The Five Senses of Sensors - Taste

An electronic tongue (e-tongue) uses an array of liquid sensors that mirror and mimic the human sense of taste, without the intrusion of other senses such as human vision and olfaction that often interfere with perception. E-tongues are used in liquid environments to classify the contents of the liquid, identify the liquid itself, or sometimes to discriminate between samples. Most e-tongues are based either on potentiometric or amperometric sensors. The “tongue” is analytic in nature and “tastes” either liquid samples or solids that have been dissolved in liquid. It has three main components:

• A sampling system
• Detection capability
• Data acquisition and processing system - statistical software that interprets sensor data into taste patterns

E-tongues are designed to meet or exceed the ability of human senses to “taste.” One application is the beverage industry whereby the flavor of wine, for example, is discriminated by using a combination of a taste sensor and an odor sensor array with a conducting polymer.

The electronic tongue uses taste sensors to receive information from chemicals on the tongue and send it to a pattern recognition system. There are five categories of taste:

• Sour – Created by the hydrogen ions in HCl, acetic acid and citric acid
• Salty – Registered as NCl
• Bitter – Includes such chemicals as quinine and caffeine detected through MgCl(2)
• Sweetness – registered by sugars
• Umami (deliciousness) – by MSG from seaweed disodium in meat/fish/mushrooms

Recently, the University of Texas at Austin developed a sensor array functioning as an electronic taste chip. It combines micromachining, photochemical sensing, and molecular engineering of receptor sites and pattern-recognition protocols to detect multi-analyte systems. It effectively rejects other chemical and biochemical species located in the same environment. This solution is becoming popular for several application areas such as:

Human diagnostic testing: The most compelling news here is that several time-intensive and costly procedures can be replaced with common analysis of blood electrolytes. Several benefits result when replacing costly traditional testing with an e-tongue-based solution. The size of the sample is substantially smaller so that discomfort and sample size are both reduced. Monitoring can be accomplished rapidly, which is important given the short time for toxins to become lethal. There is no accuracy penalty with the new testing. Other medical application areas include pharmaceuticals, health and safety, medicine stability (in terms of taste), and veterinary medicine.

Environmental chemistry: The same multi-sensor array is used to provide digital data on compound class and volume in such applications as radioactive pollutants in water, inorganic and organic pollutants, identification of harmful bacteria or substances, chemical and metabolic breakdown patterns, and potentially destination information on pesticides, oil, dioxin, and more. Additional environmental and chemical applications include waste monitoring and chemical /petrochemical processing.

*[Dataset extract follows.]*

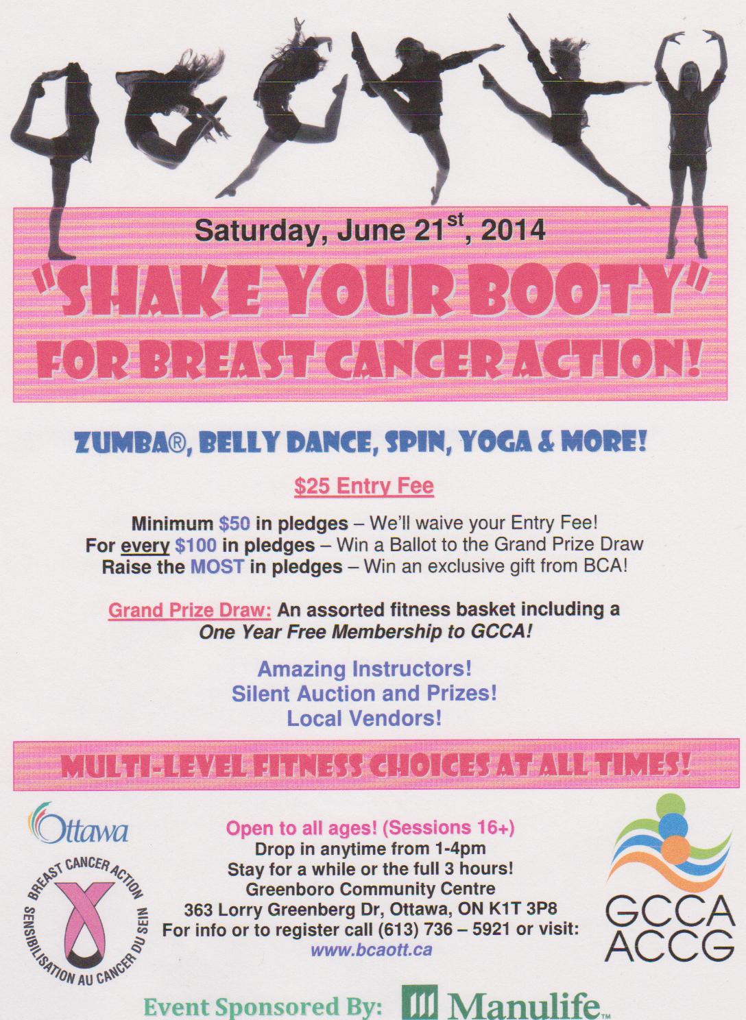 Come on out and shimmy your support for participants at the Breast Cancer Action “Stroll For Our Goal” event, on Saturday, June 1st, 2013, from 10 till noon. It’s being held at a new venue this year – St. Paul University, 223 Main St. (behind the Farmer’s Market). I’ll have my oasis tent set up for diva comfort, with drink cooler and stereo. This is a family-fun event, with kids and dogs welcome; so grab your coin scarf, put on some pink lipstick, and let’s make some noise – because no one should face it alone www.bcaott.ca
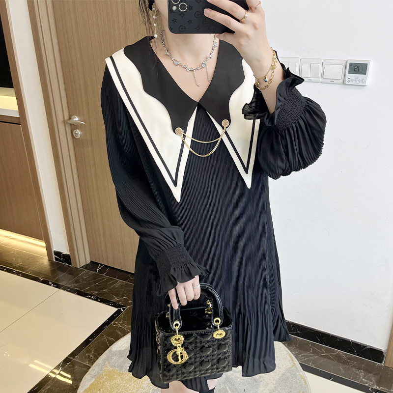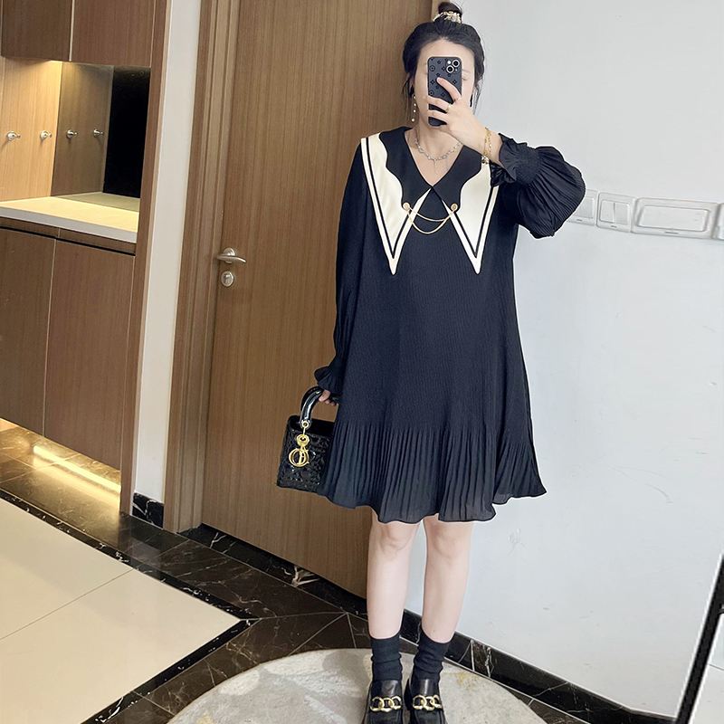 2024秋季新款法式复古赫本风高级感压褶显瘦连衣裙大码女装胖mm

Beverage industry analysis: Arrays can be used to monitor results in product development, product purity confirmation, flavor ageing analysis in fruit juice, alcoholic, or non-alcoholic drinks, measure the effect of process control variables, establishing adherence to government standards, quantify levels of spice, flavors, dissolved compounds, and quantify taste masking success.

No matter the application, taste sensors above all else must be consistent in their findings. Simply put, here's how they work: taste sensors have artificial polyvinyl chloride (PVC)/lipid membranes that interact with a target solution such as beverages, blood, caffeine, etc. The membrane potential of the lipid membrane changes – which is the sensor output or measurement. Investigating potential change results in measuring the “taste” provided by the output of the chemical substances. With the array, multiple sensors provide this output and form a unique fingerprint.

E-tongue sensing elements include electrochemical detectors, infrared-based sensors and mass sensitive devices. It is the statistical software , or pattern recognition system, that interprets the sensor data, which is obtained from directly sampled liquids (no preparation) into test patterns.

When compared with the maturity level of such sensor technology as vision, touch, and hearing, both e-tongue and e-nose technology is relatively new. One example of an impedance e-tongue instrument for rapid liquid assessment is the STMicroelectronics T L074 current amplifier. While applications are continuing to grow, given that there are multiple sensors involved increases complexity.

The use of e-tongue sensor technology is a great example of sensor fusion--extracting data from multiple sources including sensing devices and measurement methods. Intelligent signal processing then is employed to take the responses and extract the taste information.